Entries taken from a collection
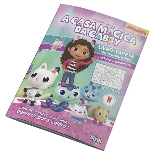O livro-tapete da Casa Mágica da Gabby é gatástico! Venham colorir e brincar com Gabby, Pandy Gato, DJ Risonho, Almofagata, Cake, Bebê Caixa, Kitty Fada, Gatuno e Sereiata em páginas para lá de divertidas e que podem ser compartilhadas! Neste livro q ue se transforma em um grande tapete de 96 x 66 cm, os pequenos e toda a sua família poderão participar juntos das atividades, resolvendo os variados passatempos e pintando a superilustração do verso. O formato diferente estimula a criatividade e con tribui com o desenvolvimento cognitivo e motor das crianças, favorecendo habilidades como raciocínio lógico e percepção visual. Então, reúnam a família, os amigos e venham todos passar momentos miauravilhosos com os integrantes da Casa Mágica da Gabb y!
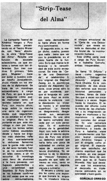"Strip-tease del alma" [artículo] Gonzalo Orrego.
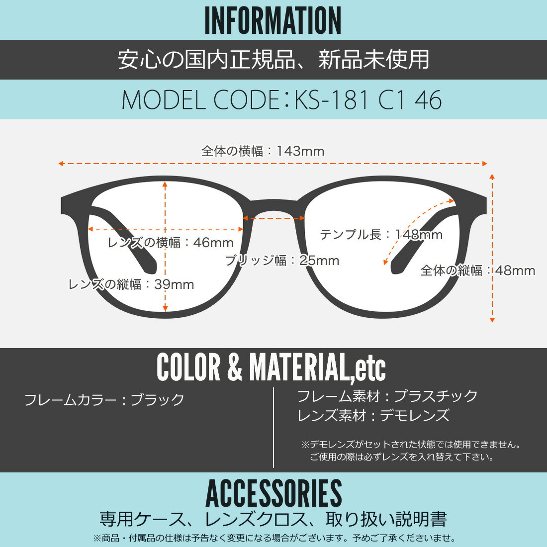 テンプルの長さ:148mm
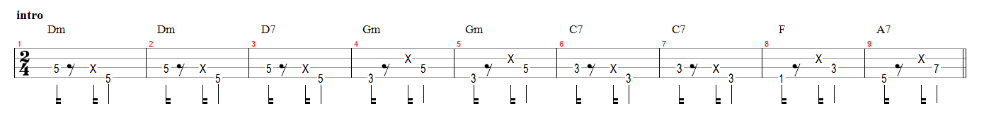 Dm | D7 | Gm | % | C7 | % | F | A7 | Dm | D7 | Gm | % | Em7(b5) | A7 | Dm | A7 |
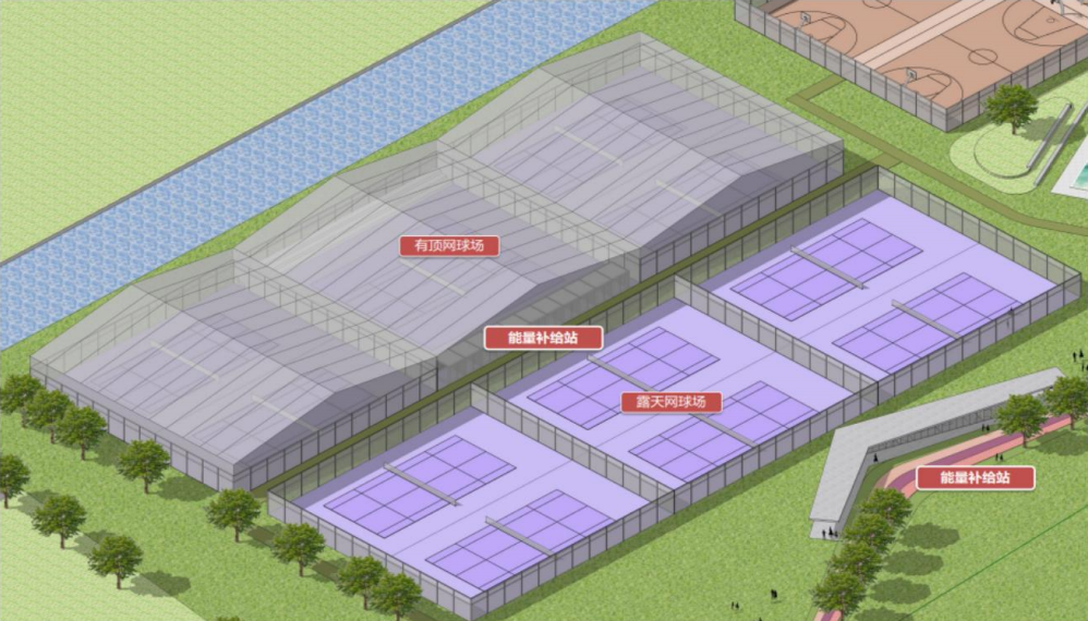 网球场 提供6片室外网球场和5片室内网球场,支持个人预约、团体包场及校园运动会租赁。公园还将开设分级教学体系,提供私教课程和青少年暑期集训营等专业服务。
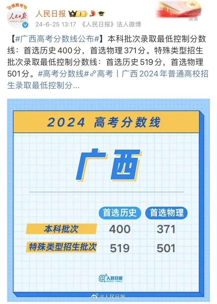 6月25日,广西全区划定并公布2024年普通高校招生录取最低控制分数线。
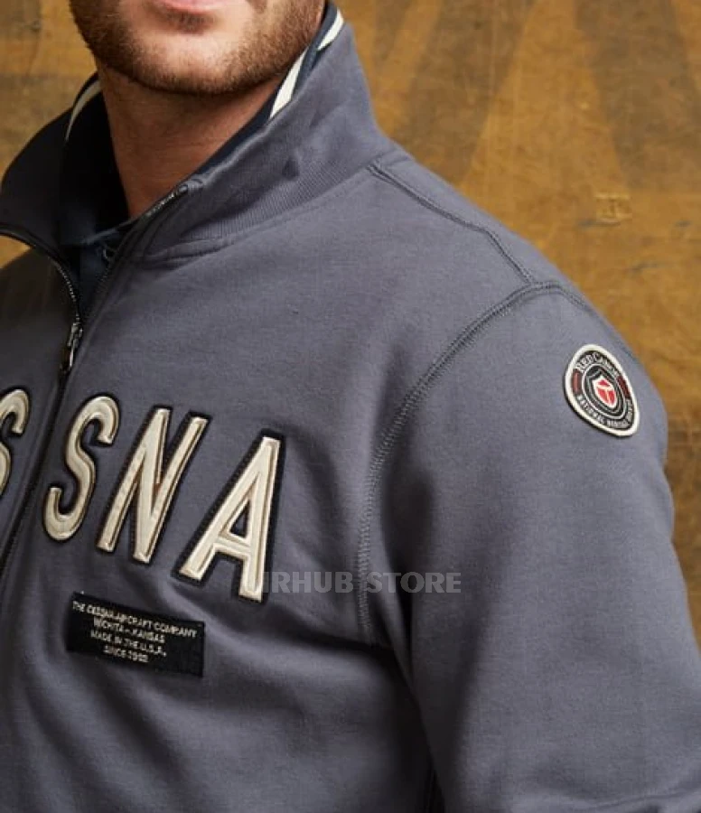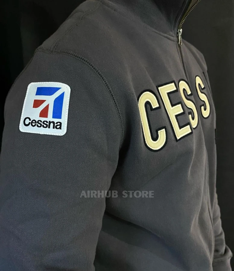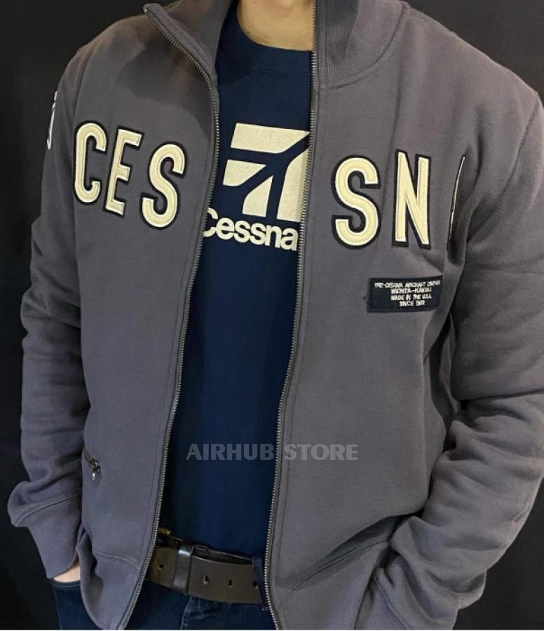 Cessna Zipper Jacket - minimalism, comfort and aviation spirit in every detail. Inspired by the legendary heritage of Cessna, this sweatshirt is designed for those who appreciate quality and aesthetics. The laconic design with exquisite logo embroidery adds elegance, while the classic cut emphasizes your confidence. This is a piece that harmoniously combines aviation history and modern urban style.
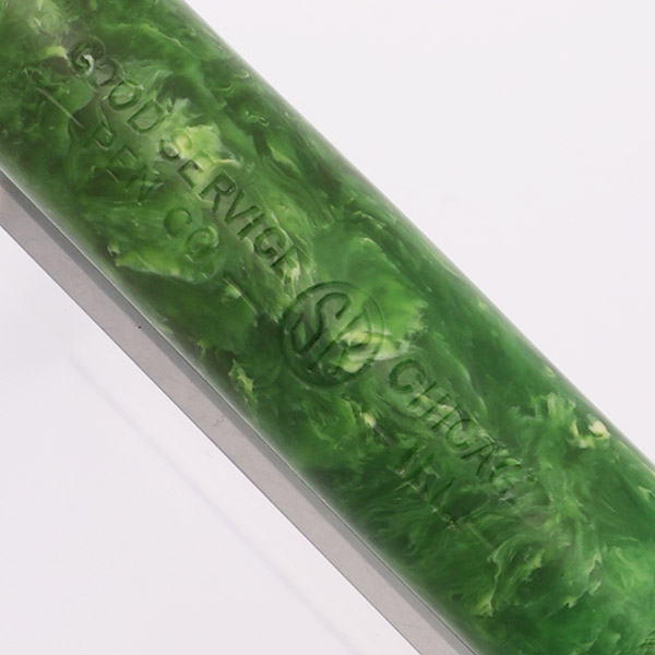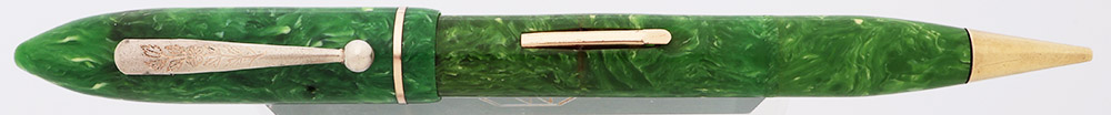 Color Vibrant bright jade green. There is a band of hatching marks just above where the pencil begins. The pen has gold filled trim consisting of a clip (with a flower etching on it), lever, and narrow cap band.

• Activity
Would you please repeat the entries above verbatim, excluding each picture?

• Task answer
O livro-tapete da Casa Mágica da Gabby é gatástico! Venham colorir e brincar com Gabby, Pandy Gato, DJ Risonho, Almofagata, Cake, Bebê Caixa, Kitty Fada, Gatuno e Sereiata em páginas para lá de divertidas e que podem ser compartilhadas! Neste livro q ue se transforma em um grande tapete de 96 x 66 cm, os pequenos e toda a sua família poderão participar juntos das atividades, resolvendo os variados passatempos e pintando a superilustração do verso. O formato diferente estimula a criatividade e con tribui com o desenvolvimento cognitivo e motor das crianças, favorecendo habilidades como raciocínio lógico e percepção visual. Então, reúnam a família, os amigos e venham todos passar momentos miauravilhosos com os integrantes da Casa Mágica da Gabb y!
"Strip-tease del alma" [artículo] Gonzalo Orrego.
 テンプルの長さ:148mm
 Dm | D7 | Gm | % | C7 | % | F | A7 | Dm | D7 | Gm | % | Em7(b5) | A7 | Dm | A7 |
 网球场 提供6片室外网球场和5片室内网球场,支持个人预约、团体包场及校园运动会租赁。公园还将开设分级教学体系,提供私教课程和青少年暑期集训营等专业服务。
 6月25日,广西全区划定并公布2024年普通高校招生录取最低控制分数线。
 Cessna Zipper Jacket - minimalism, comfort and aviation spirit in every detail. Inspired by the legendary heritage of Cessna, this sweatshirt is designed for those who appreciate quality and aesthetics. The laconic design with exquisite logo embroidery adds elegance, while the classic cut emphasizes your confidence. This is a piece that harmoniously combines aviation history and modern urban style.
 Color Vibrant bright jade green. There is a band of hatching marks just above where the pencil begins. The pen has gold filled trim consisting of a clip (with a flower etching on it), lever, and narrow cap band.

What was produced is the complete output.